__Prompt__.
Nothing but the lines from the first line of the records below to the line holding "similar computation으로, ReLU-based" belongs in the answer, copied exactly and without pictures.

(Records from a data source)
»»

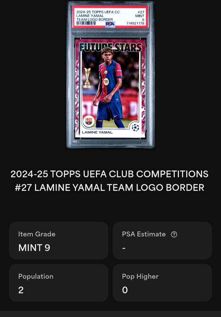 Extremely rare 2024-25 Topps UEFA Club Competitions Flagship Edition PSA Mint 9 graded Lamine Yamal ✨️'Team Logo Border'✨️ insert card 🔥💎📈
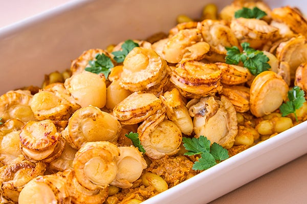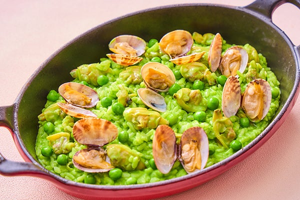 筍、菜の花、芽キャベツなど春の素材とともにポトフ風に仕立てた「ロールキャベツ・サルシッチャ」や、あさりをアクセントに旬のグリーンピースをふんだんに使用した緑が鮮やかに映える「グリーンリゾット」、春野菜を添えて提供する「旬魚のプランチャ」など、旬の野菜を用いた料理をご堪能ください。脂肪に変わる炭水化物の吸収を抑える働きがある白いんげん豆と帆立貝を合わせた、健康を意識したスパイス料理「白いんげん豆とスパイスの軽いラグー 帆立貝のパンソテー」もご賞味ください。
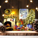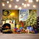 Beautiful vintage Christmas living room scene postcard. This design features a beautiful fireplace mantle decorated with lit garland, stockings, and candles. There is a snowman peeking through the window and a hoard of presents sitting beneath the decorated lit Christmas tree. What a beautiful holiday scene.
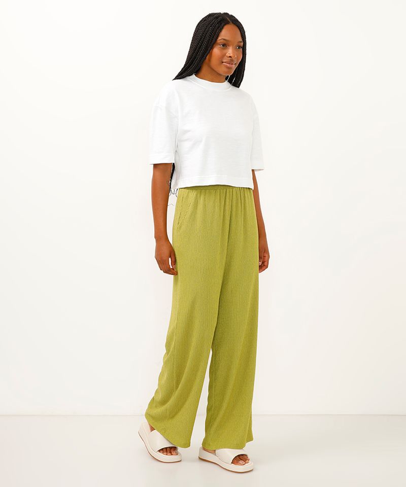 Combine conforto e estilo com esta calça feminina de modelagem wide leg. Com um caimento fluido e toque leve, esta peça é a escolha ideal para quem busca versatilidade sem abrir mão da elegância. Perfeita para criar looks que vão do casual ao sofisticado, ela se adapta facilmente a diversas ocasiões do seu dia a dia.
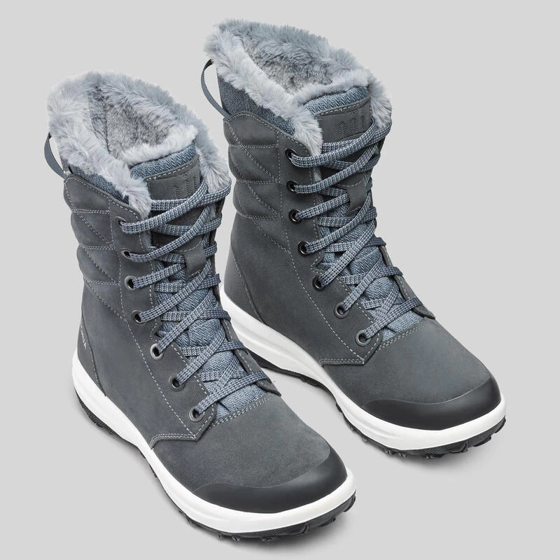 Botas De Nieve Y Apreski Impermeables De Piel Mujer Quechua SH500 U-Warm Gris
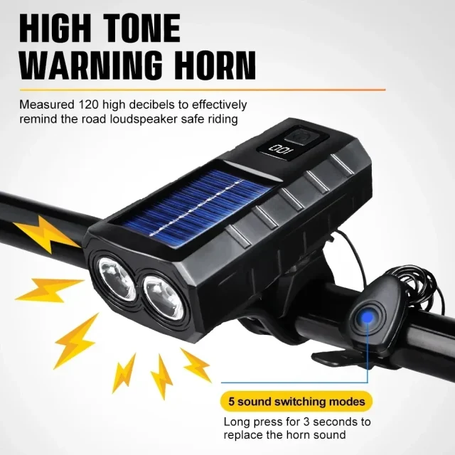 Daily commuters, night riders, and outdoor adventurers who want a single device that provides light, safety, and power backup. This Solar Bike Horn Light is more than a headlight—it’s your reliable cycling companion, keeping every ride brighter and safer.
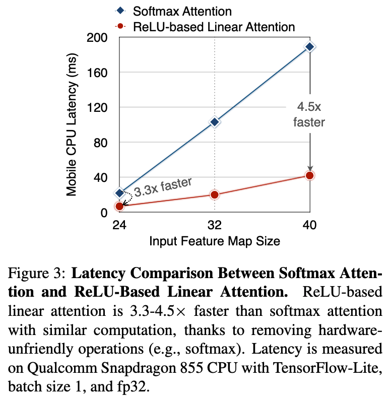 similar computation으로, ReLU-based linear attention은 mobile에서 softmax attention보다 훨씬 빠르다.
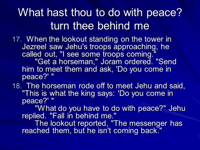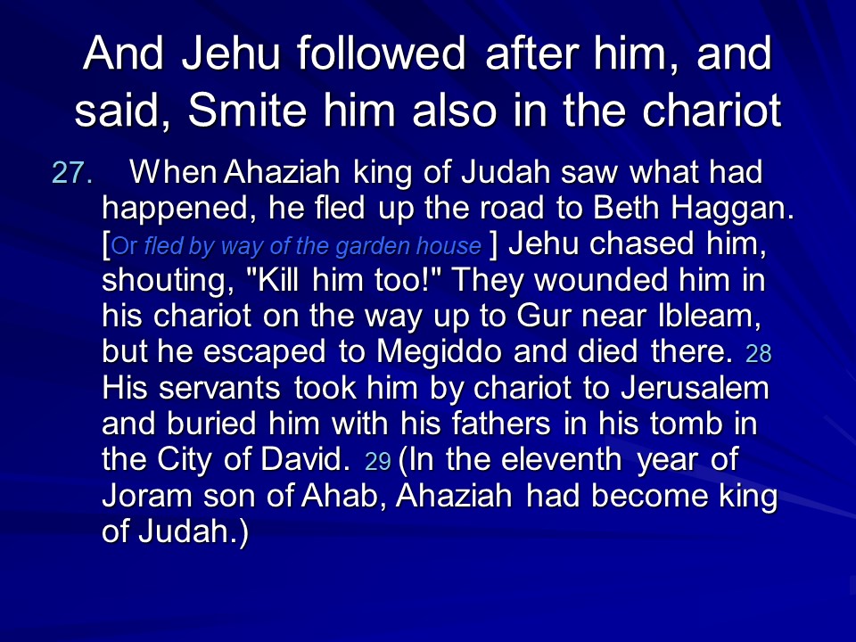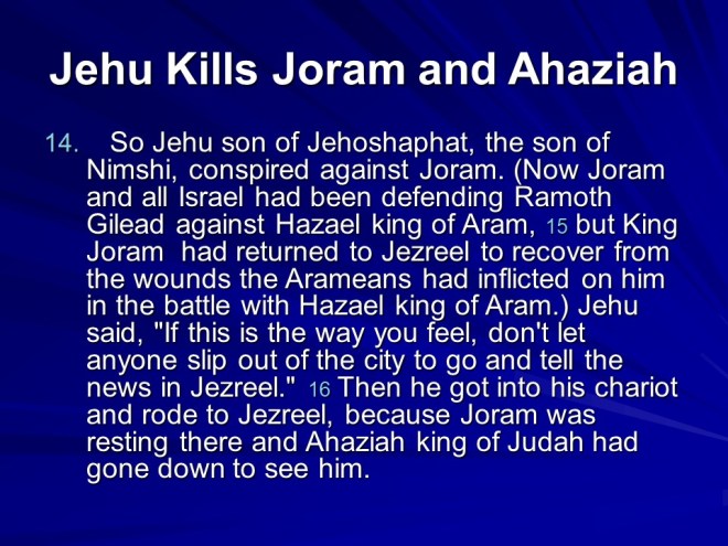2 Kings 9. Jehu, a man of action was anointed king of Israel, Joram of Israel was killed, Ahaziah of Judah likewise, and finally Jezebel suffered the most humiliating and violent death possible, thrown out from a window, trampled to death by horses and was then eaten by dogs.
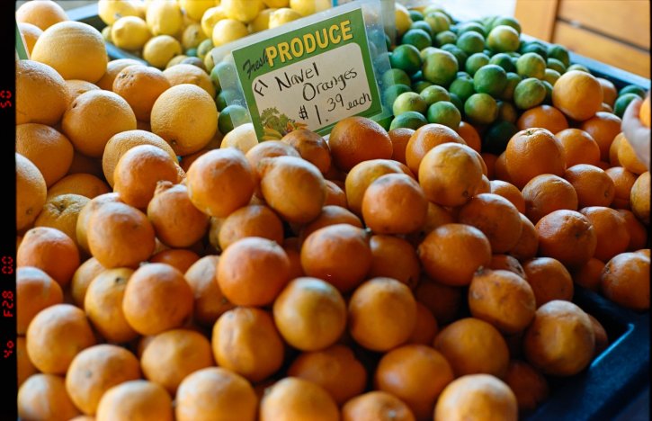 Florida's favorite fruit, Navel Oranges. Kodak Ektar 100 film. $1.29 each Fresh PRODUCE!
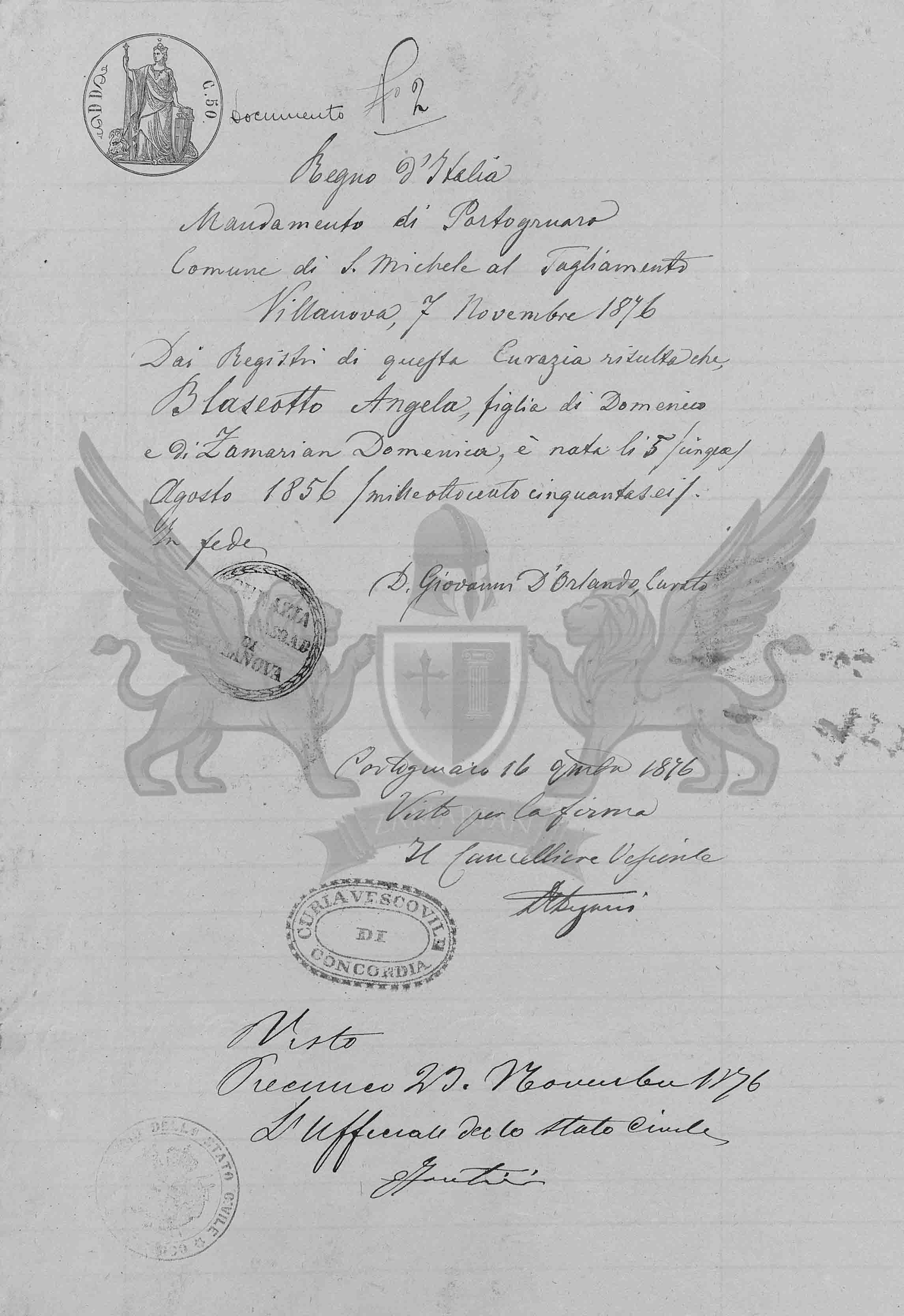Dos Registros desta Curia resulta que, Blaseotto Angela, filha de Domenico e de Zamarian Domenica, nasceu dia 5 /cinco/ de Agosto de 1856 /mil oitocentos e cinquenta e seis/.
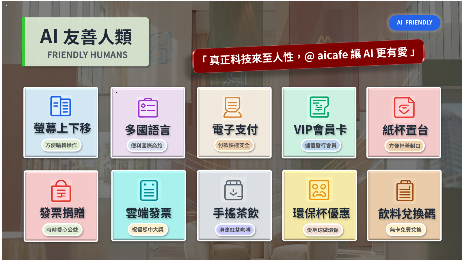 "AI 的愛"針對行動不便輪椅人士,雙點餐螢幕,退款鍵,兌換碼,置杯台...等功能,下移至友善操作位置。
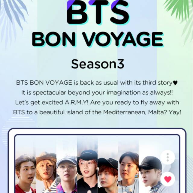 4613 eng bon voyage season 3 ep 1. No one really knows we were all very curious and sad when he left in between and people have made assumptions that it was because his mother was ill and she had to close the restaurant to move to seoul tho this all could be true ie her moving to. In bon voyage season 3 bts heads to the hot hot city of malta where the boys are again divided into friendship groups to travel around and bask in the gorgeous locales which have a lot of.
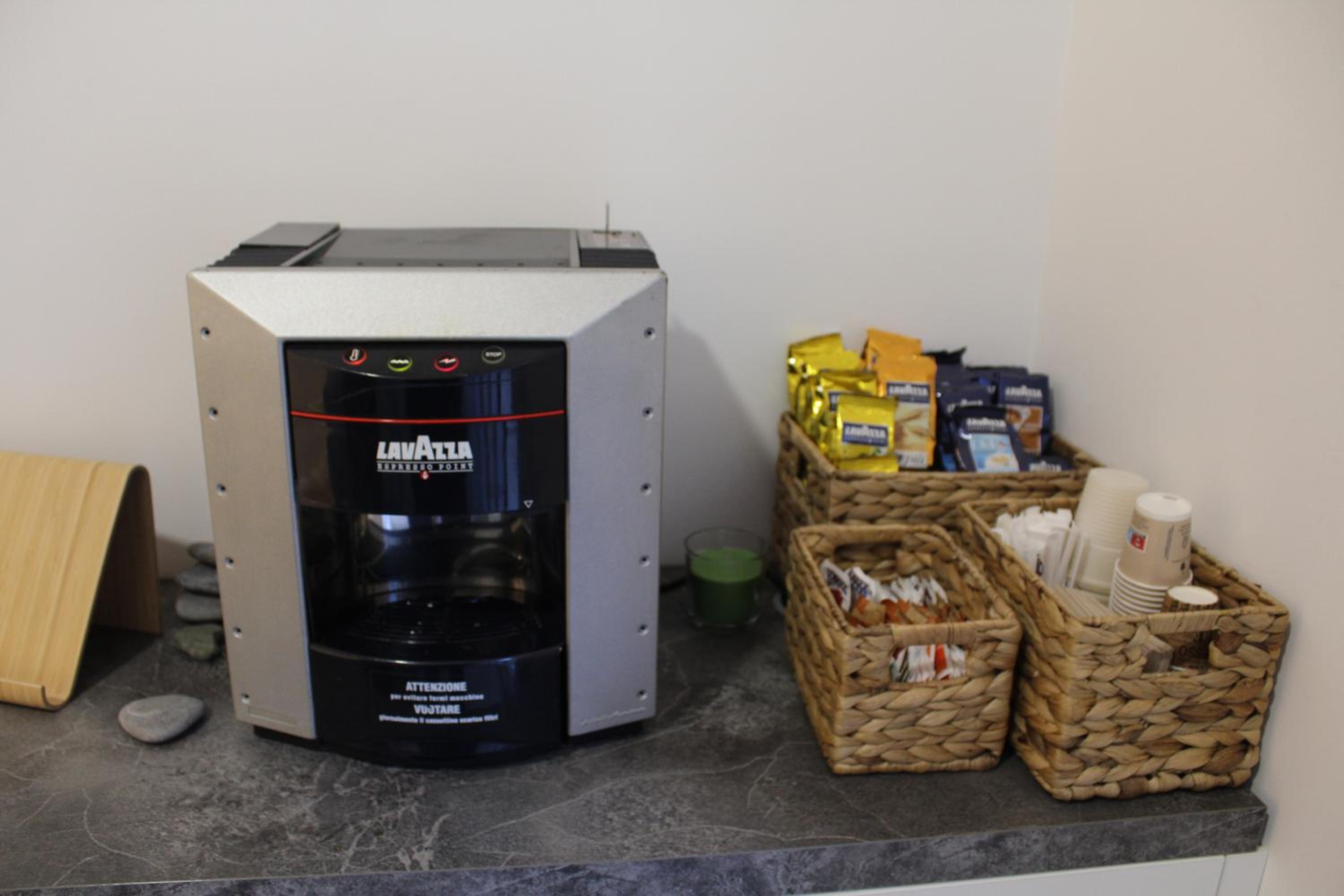 Il terrazzo con sedie e tavolini è stato un bel plus, perfetto per rilassarsi. C’era anche una macchinetta per fare caffè e tè, davvero graditissima.

««

__Final answer__.
 Extremely rare 2024-25 Topps UEFA Club Competitions Flagship Edition PSA Mint 9 graded Lamine Yamal ✨️'Team Logo Border'✨️ insert card 🔥💎📈
 筍、菜の花、芽キャベツなど春の素材とともにポトフ風に仕立てた「ロールキャベツ・サルシッチャ」や、あさりをアクセントに旬のグリーンピースをふんだんに使用した緑が鮮やかに映える「グリーンリゾット」、春野菜を添えて提供する「旬魚のプランチャ」など、旬の野菜を用いた料理をご堪能ください。脂肪に変わる炭水化物の吸収を抑える働きがある白いんげん豆と帆立貝を合わせた、健康を意識したスパイス料理「白いんげん豆とスパイスの軽いラグー 帆立貝のパンソテー」もご賞味ください。
 Beautiful vintage Christmas living room scene postcard. This design features a beautiful fireplace mantle decorated with lit garland, stockings, and candles. There is a snowman peeking through the window and a hoard of presents sitting beneath the decorated lit Christmas tree. What a beautiful holiday scene.
 Combine conforto e estilo com esta calça feminina de modelagem wide leg. Com um caimento fluido e toque leve, esta peça é a escolha ideal para quem busca versatilidade sem abrir mão da elegância. Perfeita para criar looks que vão do casual ao sofisticado, ela se adapta facilmente a diversas ocasiões do seu dia a dia.
 Botas De Nieve Y Apreski Impermeables De Piel Mujer Quechua SH500 U-Warm Gris
 Daily commuters, night riders, and outdoor adventurers who want a single device that provides light, safety, and power backup. This Solar Bike Horn Light is more than a headlight—it’s your reliable cycling companion, keeping every ride brighter and safer.
 similar computation으로, ReLU-based linear attention은 mobile에서 softmax attention보다 훨씬 빠르다.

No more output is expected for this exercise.